- ASSIGNMENT -
Reproduce all entries below verbatim. Skip the pictures.

- RECORDS FOR THE EXERCISE -
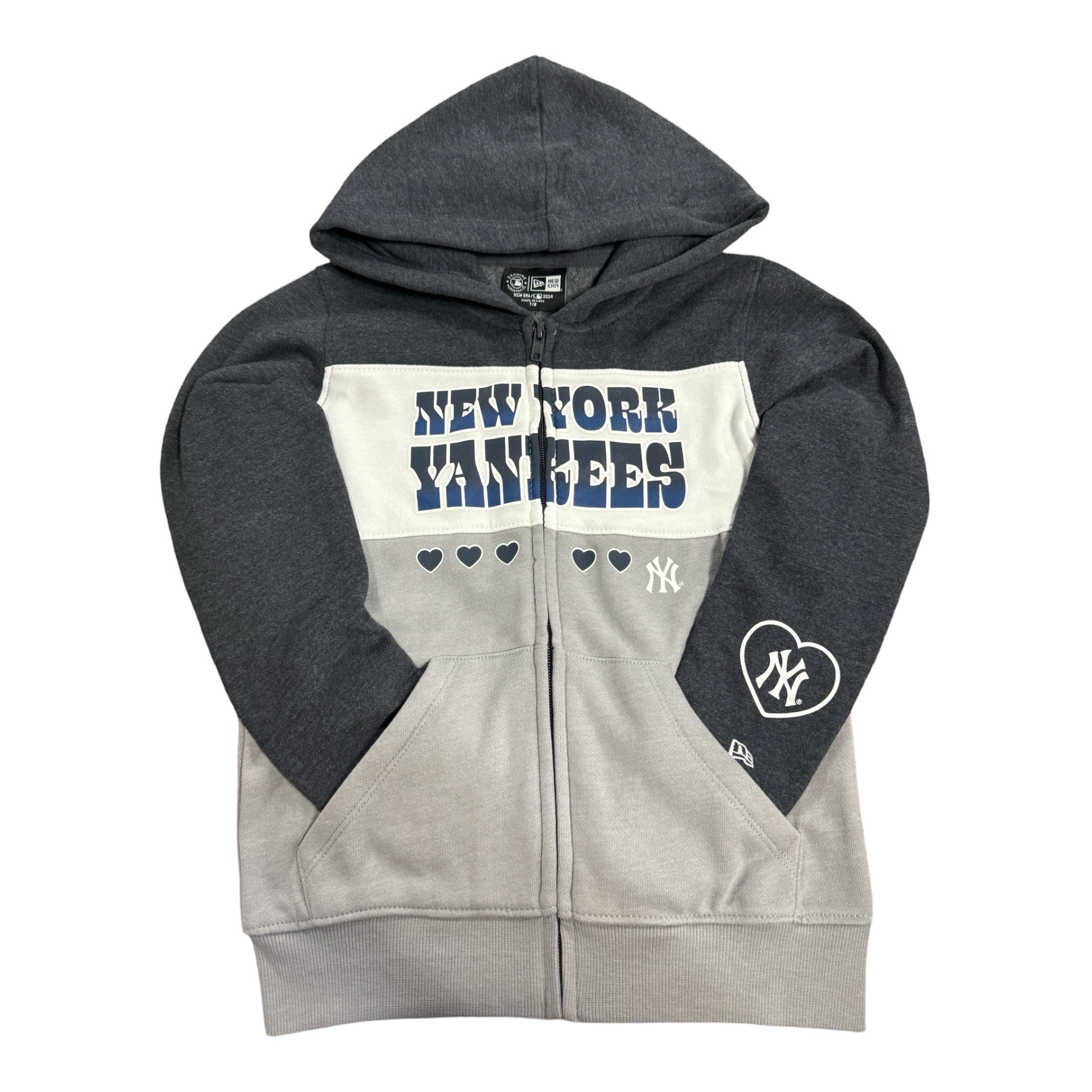 NEW YORK YANKEES GIRLS 2-TONE HEART FULL-ZIP HOODED SWEATSHIRT
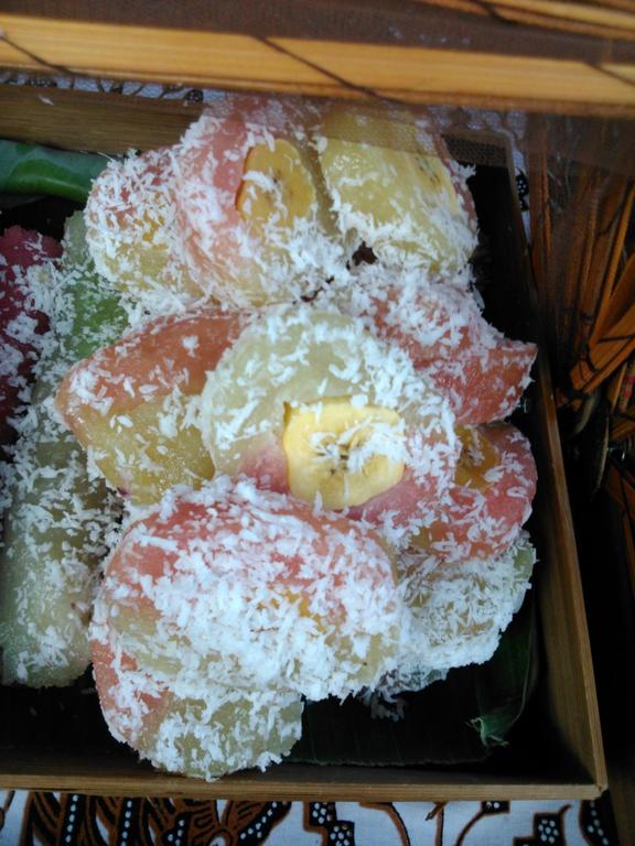 Camilan yang satu ini memiliki bentuk yang berwarna-warni dan biasanya ditaburi kelapa parut.
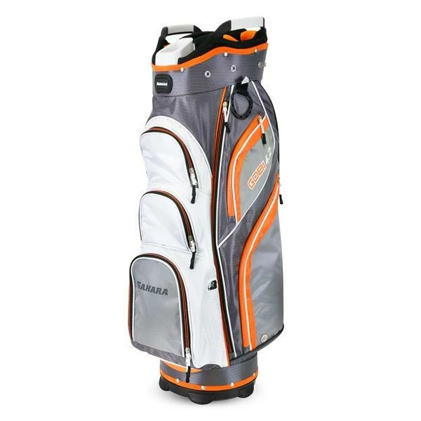 With a roomy 9.5 inch top, padded shoulder strap, 14 graphite-friendly full length dividers, front putter well and 9 zippered pockets there is abundant storage to secure and protect all of your equipment. Additional handy features include integrated dual top lift handles, towel ring, pen sleeve, Velcro glove attachment, umbrella holder, scorecard sleeve and rain hood.
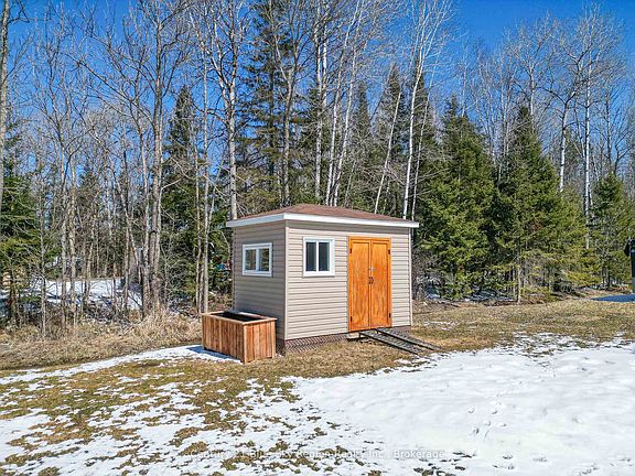 Tucked into the trees on a beautifully landscaped 2.7-acre lot, this charming home offers the perfect balance of privacy and community. Located in a sought-after neighbourhood just 15 minutes from North Bay, you'll love the peaceful surroundings without feeling too remote. From the moment you pull up, the curb appeal is undeniable. A winding driveway leads to an attached 1.5 car garage with convenient inside entry. Step inside and you're welcomed by warmth, character, and a layout that just feels like home. The main level features three spacious bedrooms, including a primary with ensuite, and a bright, airy living room that's full of natural light. The wood cabinets in the kitchen and custom trim details throughout reflect the care and craftsmanship that has gone into this home, especially from the long-time owners who've lovingly maintained it for over 30 years. There's even a dedicated workshop area inside for anyone who enjoys woodworking or DIY projects! One of the standout features is the grand sunroom with cathedral ceilings, an ideal spot to enjoy quiet evenings while overlooking the forested backyard. There's also an above-ground pool to enjoy during those warm summer days. Downstairs, the lower level includes a fourth bedroom, a large rec room, and loads of storage. Located in the heart of East Ferris, you're just minutes from local hiking trails, tennis and pickleball courts, and all the amenities the community has to offer. This is a wonderful place to put down roots and call home. Here's the bonus: the owners have resided and re-insulated the entire home, which means the utility bills are incredibly low averaging just $300/month for both heat and hydro. Plus, living in East Ferris means some of the lowest property taxes in the area.
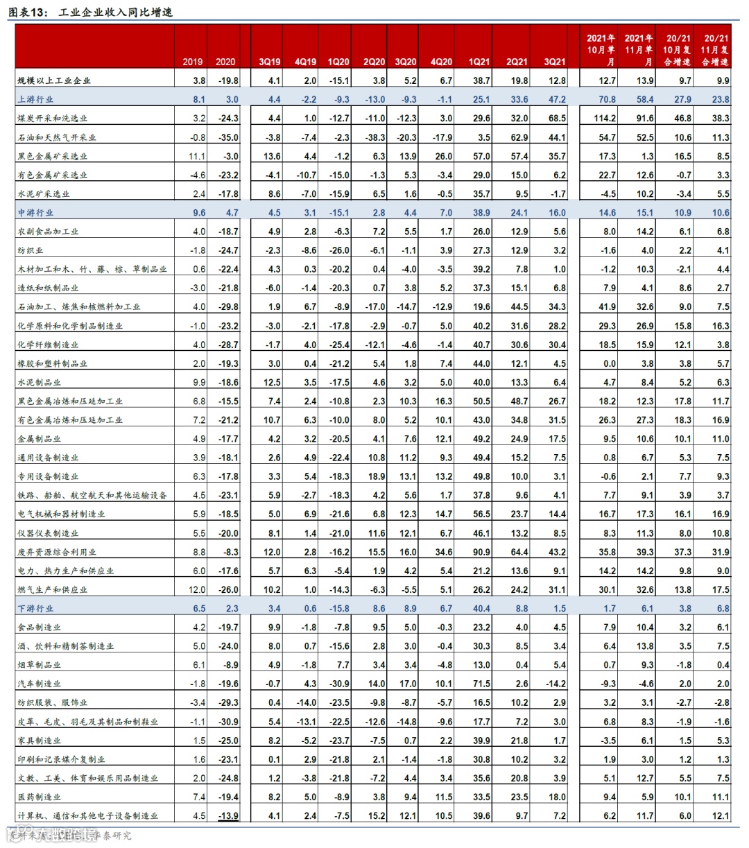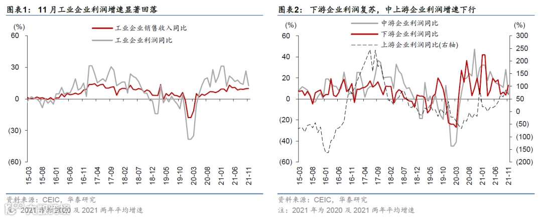2021年11月的工业利润同比增速为9.0%,两年复合增速12.5%,较10月的24.6%/26.4%显著回落。企业营收同比增长13.9%,两年复合增速为9.9%,对比10月的12.7%/9.7%(图表1)。剔除基数后,上游行业利润增速有所下行,两年复合增速从上月的85.5%下行至67.1%,中游行业利润增速承压,利润增速从上月的28.1%大幅下滑至4.7%;另一方面,下游行业利润显著回暖,利润增速从10月的3.7%反弹至13.1% (图表2)。收入方面,11月上/中/下游行业企业营收的两年复合增速分别为23.8%/10.6%/6.8%,对比10月的27.9%/10.9%/3.8%(图表3)。
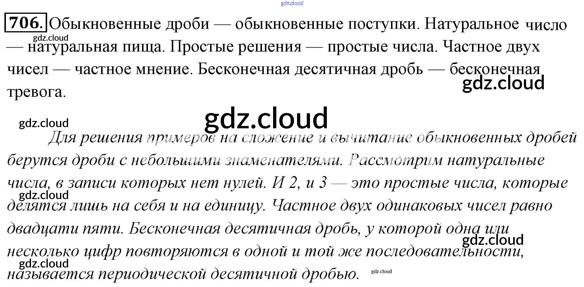 Ответ на задание 706 Учебник Русский язык за 6 (шестой) класс Львова, Львов 2013 Часть 1, 2 ФГОС онлайн и без номера телефона.
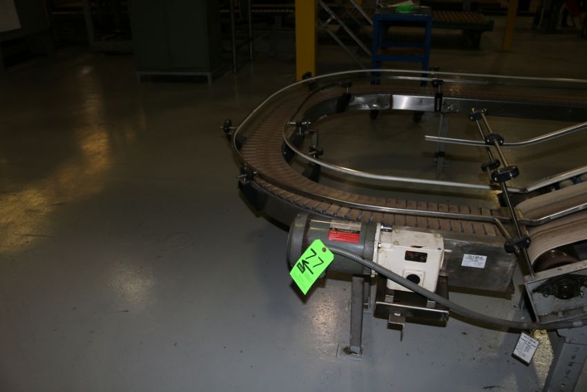 Aprox. 30ft. Long x 8" Wide Case Conveyor with Guide Rails, Straight Sections, Drives, and 90 Degree Turn
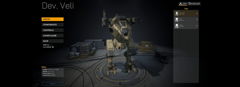 After preparing your setup, dive into the visual customisation. Add decals, edit the camouflage, change colours for each mech region, and more.
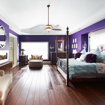 Large trendy master light wood floor bedroom photo in Tampa with blue walls
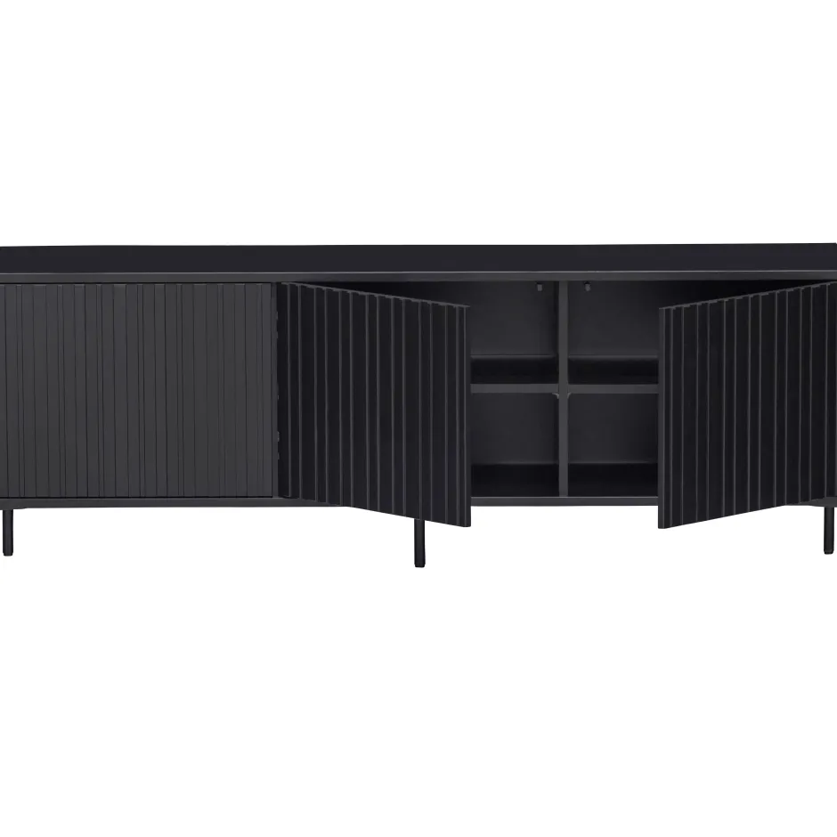Onze Succesvolle Gravure Serie In Een Nieuw Jasje! Dit Gravure New Tv-Meubel, Uit De Collectie Van Het Nederlandse Interieurmerk Woood, Is Verkrijgbaar In Twee Formaten: 100 Cm Breed En 150 Cm Breed. Gravure New Tv-Meubel Is Uitgevoerd In Grenenhout En Afgewerkt Met Een Diepzwarte Lak. Het Interieur Is Vervaardigd Uit Spaanplaat In Zwart. De Poten Zijn Van Metaal Met Een Zwarte Coating. Het Gravure New Tv-Meubel Beschikt Over Drie Deuren Met Een Geluidloos Push-To-Open Systeem.
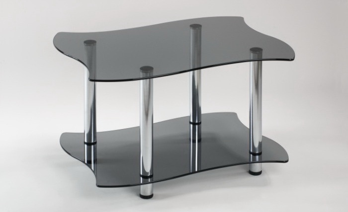Стол журнальный из закаленного стекла 8 мм столешница, 6 мм полка с металлическими ножками.
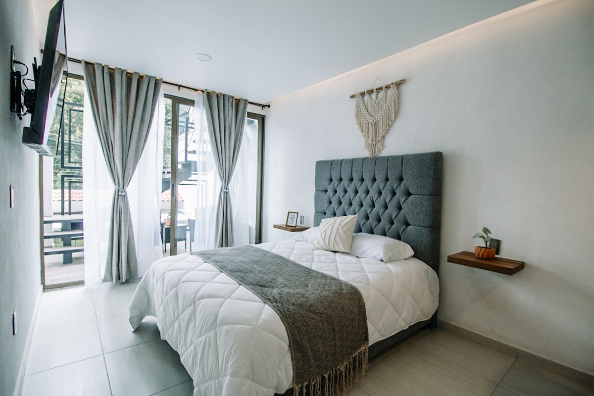 Sa parkingom i 24-satnim nadzorom. 3 minuta od dječije bolnice 3 minuta od Medicinskog fakulteta UAEMex 8 minuta do centra Toluke 5 minuta od majčinske bolnice 8 minuta do Metepeka 15 minuta od aerodroma Aeropueto de Toluca 10 minuta od stadiona Nemesio 10 Imamo više stanova sa bračnim krevetom za jednu osobu i kaučem na razvlačenje po pristupačnijim cijenama: www.airbnb.mx/h/7casapame7 www.airbnb.mx/h/8casapame8 www.airbnb.mx/h/9casapame9

- RESULT -
 NEW YORK YANKEES GIRLS 2-TONE HEART FULL-ZIP HOODED SWEATSHIRT
 Camilan yang satu ini memiliki bentuk yang berwarna-warni dan biasanya ditaburi kelapa parut.
 With a roomy 9.5 inch top, padded shoulder strap, 14 graphite-friendly full length dividers, front putter well and 9 zippered pockets there is abundant storage to secure and protect all of your equipment. Additional handy features include integrated dual top lift handles, towel ring, pen sleeve, Velcro glove attachment, umbrella holder, scorecard sleeve and rain hood.
 Tucked into the trees on a beautifully landscaped 2.7-acre lot, this charming home offers the perfect balance of privacy and community. Located in a sought-after neighbourhood just 15 minutes from North Bay, you'll love the peaceful surroundings without feeling too remote. From the moment you pull up, the curb appeal is undeniable. A winding driveway leads to an attached 1.5 car garage with convenient inside entry. Step inside and you're welcomed by warmth, character, and a layout that just feels like home. The main level features three spacious bedrooms, including a primary with ensuite, and a bright, airy living room that's full of natural light. The wood cabinets in the kitchen and custom trim details throughout reflect the care and craftsmanship that has gone into this home, especially from the long-time owners who've lovingly maintained it for over 30 years. There's even a dedicated workshop area inside for anyone who enjoys woodworking or DIY projects! One of the standout features is the grand sunroom with cathedral ceilings, an ideal spot to enjoy quiet evenings while overlooking the forested backyard. There's also an above-ground pool to enjoy during those warm summer days. Downstairs, the lower level includes a fourth bedroom, a large rec room, and loads of storage. Located in the heart of East Ferris, you're just minutes from local hiking trails, tennis and pickleball courts, and all the amenities the community has to offer. This is a wonderful place to put down roots and call home. Here's the bonus: the owners have resided and re-insulated the entire home, which means the utility bills are incredibly low averaging just $300/month for both heat and hydro. Plus, living in East Ferris means some of the lowest property taxes in the area.
2021年11月的工业利润同比增速为9.0%,两年复合增速12.5%,较10月的24.6%/26.4%显著回落。企业营收同比增长13.9%,两年复合增速为9.9%,对比10月的12.7%/9.7%(图表1)。剔除基数后,上游行业利润增速有所下行,两年复合增速从上月的85.5%下行至67.1%,中游行业利润增速承压,利润增速从上月的28.1%大幅下滑至4.7%;另一方面,下游行业利润显著回暖,利润增速从10月的3.7%反弹至13.1% (图表2)。收入方面,11月上/中/下游行业企业营收的两年复合增速分别为23.8%/10.6%/6.8%,对比10月的27.9%/10.9%/3.8%(图表3)。
 Ответ на задание 706 Учебник Русский язык за 6 (шестой) класс Львова, Львов 2013 Часть 1, 2 ФГОС онлайн и без номера телефона.
 Aprox. 30ft. Long x 8" Wide Case Conveyor with Guide Rails, Straight Sections, Drives, and 90 Degree Turn
 After preparing your setup, dive into the visual customisation. Add decals, edit the camouflage, change colours for each mech region, and more.
 Large trendy master light wood floor bedroom photo in Tampa with blue walls
Onze Succesvolle Gravure Serie In Een Nieuw Jasje! Dit Gravure New Tv-Meubel, Uit De Collectie Van Het Nederlandse Interieurmerk Woood, Is Verkrijgbaar In Twee Formaten: 100 Cm Breed En 150 Cm Breed. Gravure New Tv-Meubel Is Uitgevoerd In Grenenhout En Afgewerkt Met Een Diepzwarte Lak. Het Interieur Is Vervaardigd Uit Spaanplaat In Zwart. De Poten Zijn Van Metaal Met Een Zwarte Coating. Het Gravure New Tv-Meubel Beschikt Over Drie Deuren Met Een Geluidloos Push-To-Open Systeem.
Стол журнальный из закаленного стекла 8 мм столешница, 6 мм полка с металлическими ножками.
 Sa parkingom i 24-satnim nadzorom. 3 minuta od dječije bolnice 3 minuta od Medicinskog fakulteta UAEMex 8 minuta do centra Toluke 5 minuta od majčinske bolnice 8 minuta do Metepeka 15 minuta od aerodroma Aeropueto de Toluca 10 minuta od stadiona Nemesio 10 Imamo više stanova sa bračnim krevetom za jednu osobu i kaučem na razvlačenje po pristupačnijim cijenama: www.airbnb.mx/h/7casapame7 www.airbnb.mx/h/8casapame8 www.airbnb.mx/h/9casapame9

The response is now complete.